In Laravel 5 and above you just create a file name ‘.env’ and place your configuration in environment variables. The file would look something like this.
DB_NAME=mydatabse
FOOBAR=baz
SOME_API_KEY=1234abcef
You would create this file and make sure to add ‘.env’ to ‘.gitignore’ in order to keep sensitive data out of your code repository. When you deploy to your different environments you can then just include a ‘.env’ file that’s appropriate for the environment.
Laravel 4.2 and below doesn’t have this but fortunately, with a little bit of tweaking you can add it.
First we need to include a helpful package that reads ‘.env’ files and then loads them for PHP to access.
composer require vlucas/phpdotenv
If you’re using Laravel 4.2 you next need to edit ‘bootstrap/start.php’. If you’re using another framework or none at all you just need to add the following code to wherever you bootstrap your application.
<?php
if (is_file(__DIR__ . '/../.env')) {
Dotenv::load(__DIR__ . '/../');
}
This will check to see that the file exists and if so, load the data into PHP’s $_ENV superglobal array.

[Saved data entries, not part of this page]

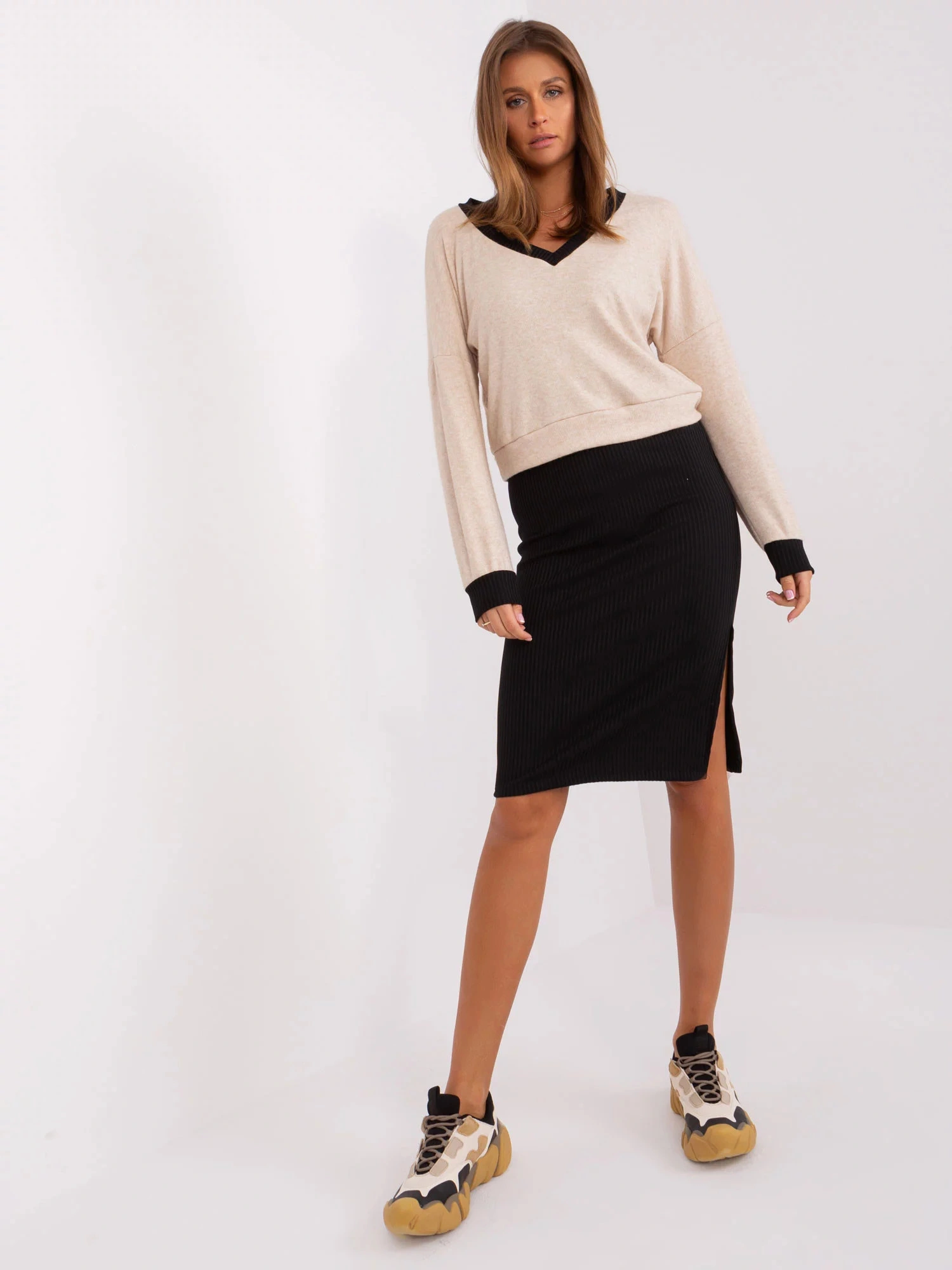 Béžovo-černý pletený set - svetr a šaty od RUE PARIS.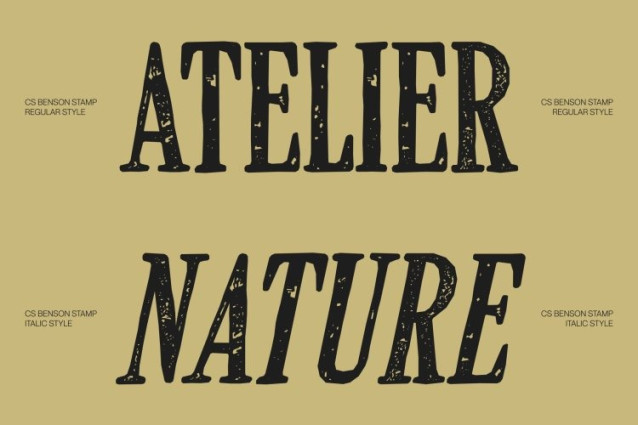 CS Benson Stamp Font This is a modern serif font featuring a clean, slim, and condensed structure, now enriched with a distinctive stamp effect. Its tall, narrow proportions remain space-efficient and elegant, while the stamped texture introduces subtle imperfections that add warmth and character. This blend creates a refined balance between precision and organic charm.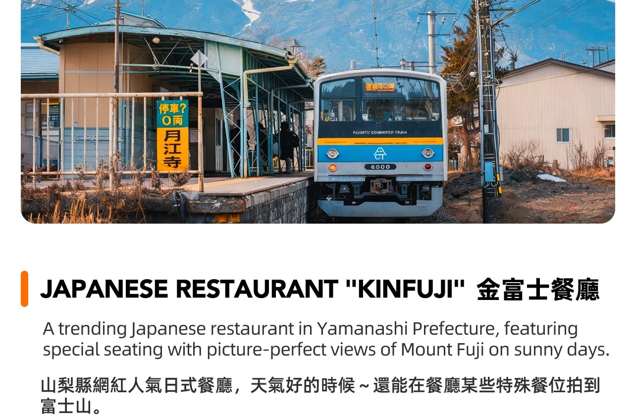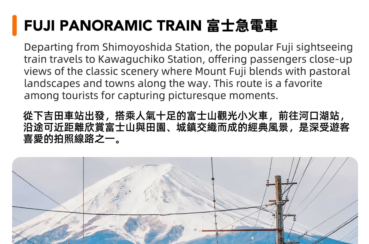 이 여정에는 후지산 인기 전철 티켓이 포함되어 있습니다. 시모요시다역에서 전철을 타고 14분 동안 아름다운 구간을 달리며 창밖으로 흐르는 후지산의 빛과 그림자를 감상하고 인기 있는 치유 여행을 경험해보세요.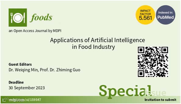 Foods期刊特邀中国科学院计算技术研究所闵巍庆副研究员及江苏大学郭志明教授共同创建特刊"Applications of Artificial Intelligence in Food Industry",旨在讨论人工智能在食品工业中的应用。特刊包括但不限于以下方面: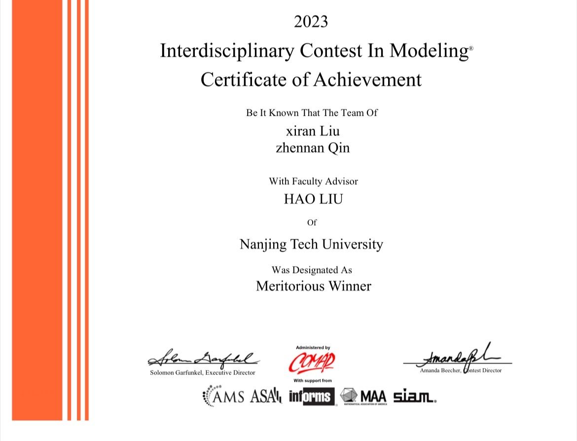 近日,2023年美国老员工数学建模竞赛评奖结果揭晓。公司荣获特等奖提名奖(Finalist)1项,一等奖(Meritorious Winner)6项,二等奖(Honorable Mention)15项。其中,公司新能2001刘熙然、机械2001秦镇楠两人组成的团队在刘浩老师的指导下,通过赛前培训、校内选拔和寒假集训,最终在比赛中发挥出色,获得国际一等奖(Meritorious Winner)。此外,公司卜天棨,王成杰,李丽峰三位同学在各自组成的队伍中荣获国际二等奖(Honorable Mention)。

Next we’ll need a helper function to grab environment variables or use an acceptable default. If you’re using Laravel, place this in ‘app/helpers.php’ if not you can place it wherever you keep helper functions.
<?php
if ( ! function_exists('env'))
{
/**
* Gets the value of an environment variable. Supports boolean, empty and null.
*
* @param string $key
* @param mixed $default
* @return mixed
*/
function env($key, $default = null)
{
$value = getenv($key);
if ($value === false) return value($default);
switch (strtolower($value))
{
case 'true':
case '(true)':
return true;
case 'false':
case '(false)':
return false;
case 'null':
case '(null)':
return null;
case 'empty':
case '(empty)':
return '';
}
return $value;
}
}
Now you should be able to use .env files an consolidate your configuration data. For example if you need a config file like ‘app/config/sendgrid.php’ to handle sending mail with SendGrid you can make it look something like this.
<?php
return [
'api_key' => env('SENDGRID_API_KEY')
];
This will greatly simplify your deployments and help avoid configuration comlexity in your older Laravel or other non-Laravel applications.